* Data for this task
******************************

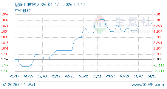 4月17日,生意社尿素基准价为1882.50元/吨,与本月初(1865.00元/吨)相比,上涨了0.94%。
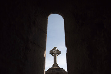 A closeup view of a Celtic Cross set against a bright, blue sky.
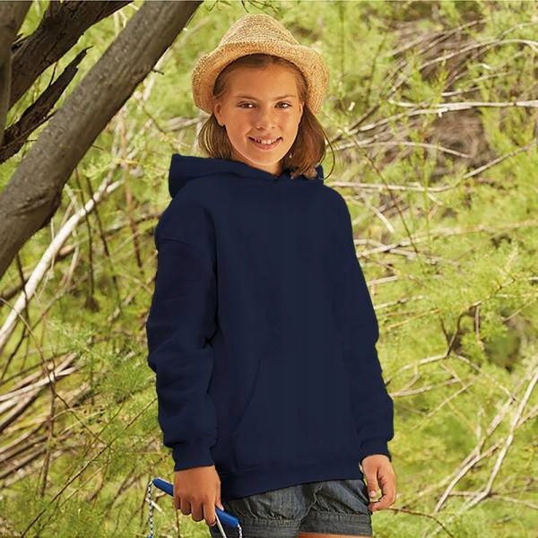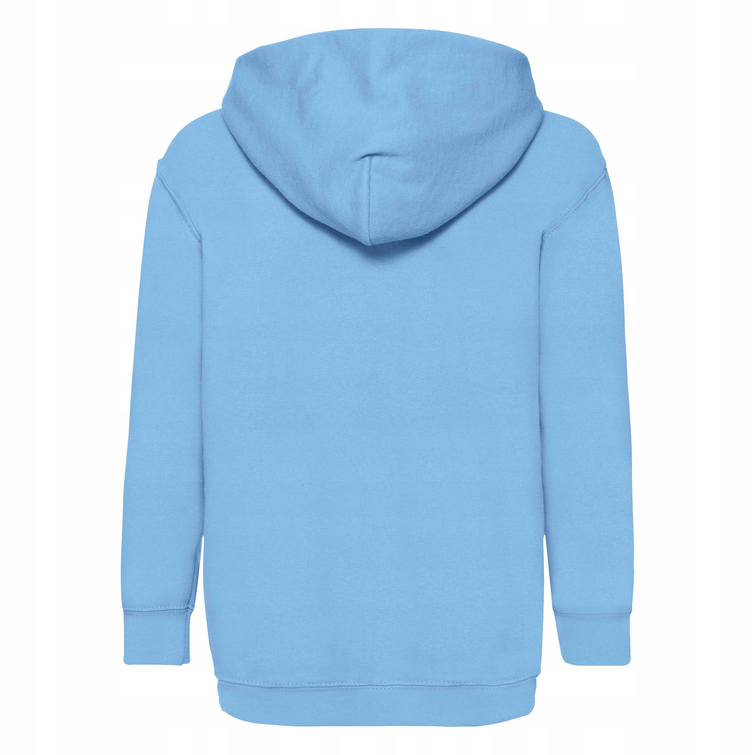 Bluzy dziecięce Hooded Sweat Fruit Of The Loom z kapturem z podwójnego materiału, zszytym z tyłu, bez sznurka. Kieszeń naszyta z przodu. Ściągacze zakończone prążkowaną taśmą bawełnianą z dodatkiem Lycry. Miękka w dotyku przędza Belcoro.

******************************

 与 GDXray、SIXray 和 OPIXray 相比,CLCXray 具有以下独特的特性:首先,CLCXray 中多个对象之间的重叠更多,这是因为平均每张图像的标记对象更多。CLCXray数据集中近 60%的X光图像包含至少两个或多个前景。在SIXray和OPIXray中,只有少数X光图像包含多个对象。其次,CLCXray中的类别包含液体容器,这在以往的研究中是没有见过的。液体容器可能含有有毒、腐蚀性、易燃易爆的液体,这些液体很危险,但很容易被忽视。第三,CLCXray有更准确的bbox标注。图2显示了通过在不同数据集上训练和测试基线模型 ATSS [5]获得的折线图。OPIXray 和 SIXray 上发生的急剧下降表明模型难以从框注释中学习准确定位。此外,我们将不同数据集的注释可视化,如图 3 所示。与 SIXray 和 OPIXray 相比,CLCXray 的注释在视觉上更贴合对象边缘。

******************************

* Description of the task
Nothing except the lines from the one containing "4月17日,生意社尿素基准价" through the one containing "Bluzy dziecięce Hooded" should appear in the answer, exactly as above and without pictures.

* Solution for this exercise
 4月17日,生意社尿素基准价为1882.50元/吨,与本月初(1865.00元/吨)相比,上涨了0.94%。
 A closeup view of a Celtic Cross set against a bright, blue sky.
 Bluzy dziecięce Hooded Sweat Fruit Of The Loom z kapturem z podwójnego materiału, zszytym z tyłu, bez sznurka. Kieszeń naszyta z przodu. Ściągacze zakończone prążkowaną taśmą bawełnianą z dodatkiem Lycry. Miękka w dotyku przędza Belcoro.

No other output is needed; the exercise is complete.